• **PROBLEM STATEMENT**
Please count the lines in the listing below where the word "with" appears. Give the number only.

• **TASK INPUT**
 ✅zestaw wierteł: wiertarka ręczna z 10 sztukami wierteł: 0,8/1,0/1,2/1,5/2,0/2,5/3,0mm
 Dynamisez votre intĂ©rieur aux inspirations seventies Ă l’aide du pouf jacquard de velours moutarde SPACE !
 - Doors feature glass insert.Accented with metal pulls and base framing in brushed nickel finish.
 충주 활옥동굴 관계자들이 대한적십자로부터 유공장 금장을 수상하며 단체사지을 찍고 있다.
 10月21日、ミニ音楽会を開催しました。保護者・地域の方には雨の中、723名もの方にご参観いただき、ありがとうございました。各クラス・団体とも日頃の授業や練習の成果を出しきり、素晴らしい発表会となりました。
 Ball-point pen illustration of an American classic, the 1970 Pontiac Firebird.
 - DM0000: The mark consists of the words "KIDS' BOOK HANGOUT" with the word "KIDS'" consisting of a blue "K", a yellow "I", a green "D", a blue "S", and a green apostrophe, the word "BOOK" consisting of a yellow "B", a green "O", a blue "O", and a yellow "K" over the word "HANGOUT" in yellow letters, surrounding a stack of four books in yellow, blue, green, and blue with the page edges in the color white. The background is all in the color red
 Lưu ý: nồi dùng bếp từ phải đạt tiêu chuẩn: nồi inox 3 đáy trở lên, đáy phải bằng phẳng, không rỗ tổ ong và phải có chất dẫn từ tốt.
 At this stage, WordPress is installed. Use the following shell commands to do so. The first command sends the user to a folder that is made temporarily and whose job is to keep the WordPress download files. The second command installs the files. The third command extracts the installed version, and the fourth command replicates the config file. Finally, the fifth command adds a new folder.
==
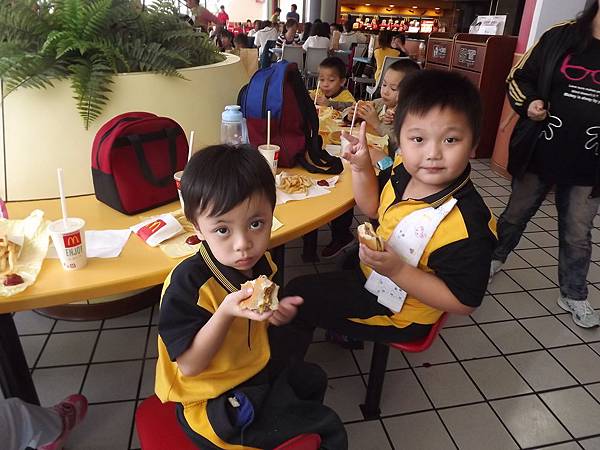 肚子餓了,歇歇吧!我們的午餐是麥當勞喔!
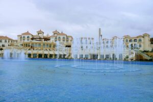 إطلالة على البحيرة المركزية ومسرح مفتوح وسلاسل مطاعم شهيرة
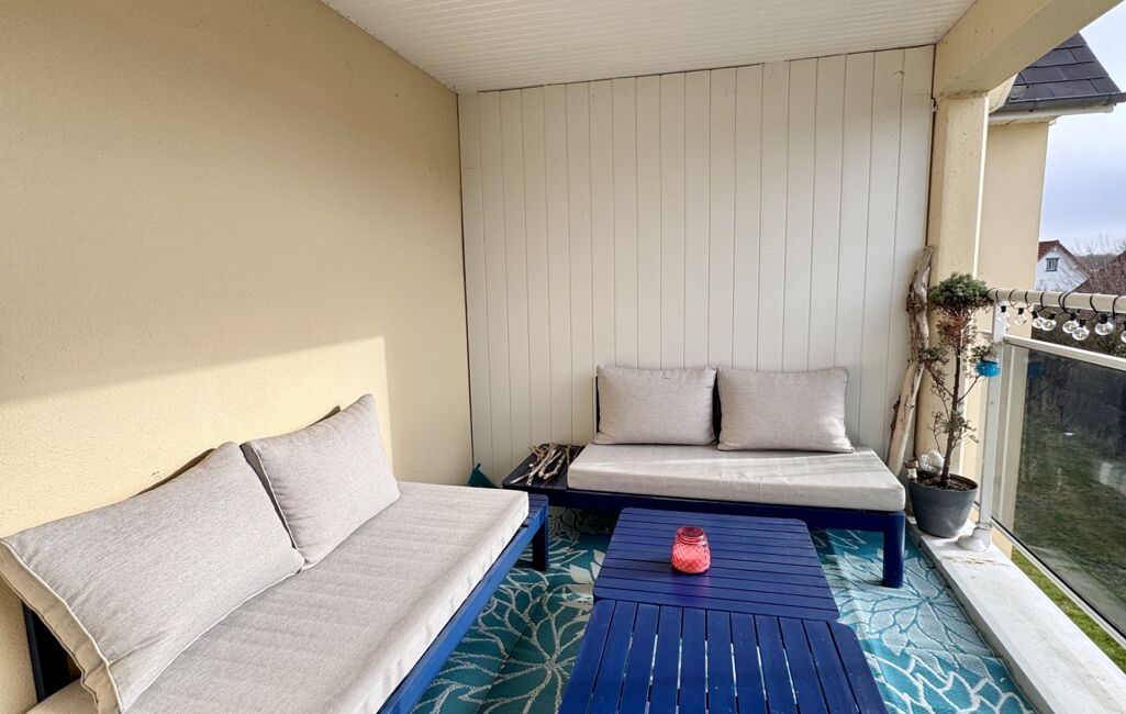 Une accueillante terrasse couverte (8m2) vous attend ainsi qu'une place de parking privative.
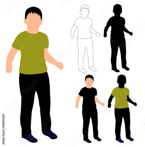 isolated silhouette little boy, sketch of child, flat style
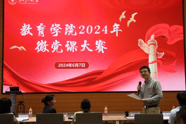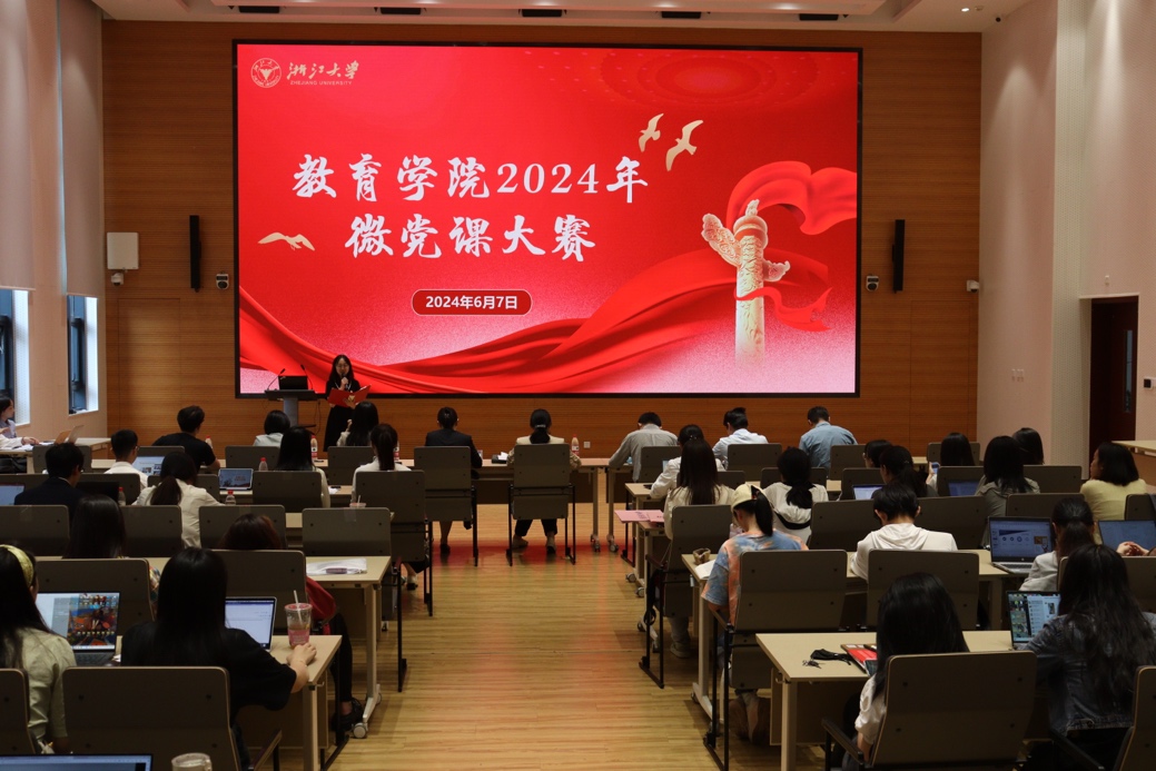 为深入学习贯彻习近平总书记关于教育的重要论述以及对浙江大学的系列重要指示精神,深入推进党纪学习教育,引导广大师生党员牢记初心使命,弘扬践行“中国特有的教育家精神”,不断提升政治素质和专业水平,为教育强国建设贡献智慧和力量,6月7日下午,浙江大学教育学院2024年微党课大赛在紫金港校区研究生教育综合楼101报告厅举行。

• **TASK OUTPUT**
2